◆ **Work task**
Please return the listing exactly as it stands, skipping any pictures.

◆ **Supplied information**
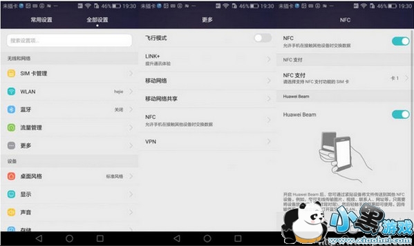 1.打开华为手机界面进入设置中,再找到无线与网络的更多里面,把NFC功能打开。
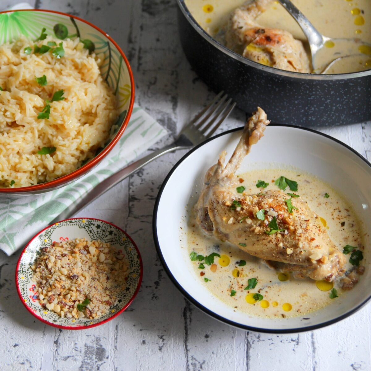 Lapin au vin blanc, riz pilaf
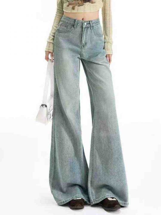 秋季新款高品质高腰显瘦宽松字母刺绣水洗棉直筒阔腿牛仔裤, 独立包装带吊牌...

◆ **Completed exercise**
 1.打开华为手机界面进入设置中,再找到无线与网络的更多里面,把NFC功能打开。
 Lapin au vin blanc, riz pilaf
 秋季新款高品质高腰显瘦宽松字母刺绣水洗棉直筒阔腿牛仔裤, 独立包装带吊牌...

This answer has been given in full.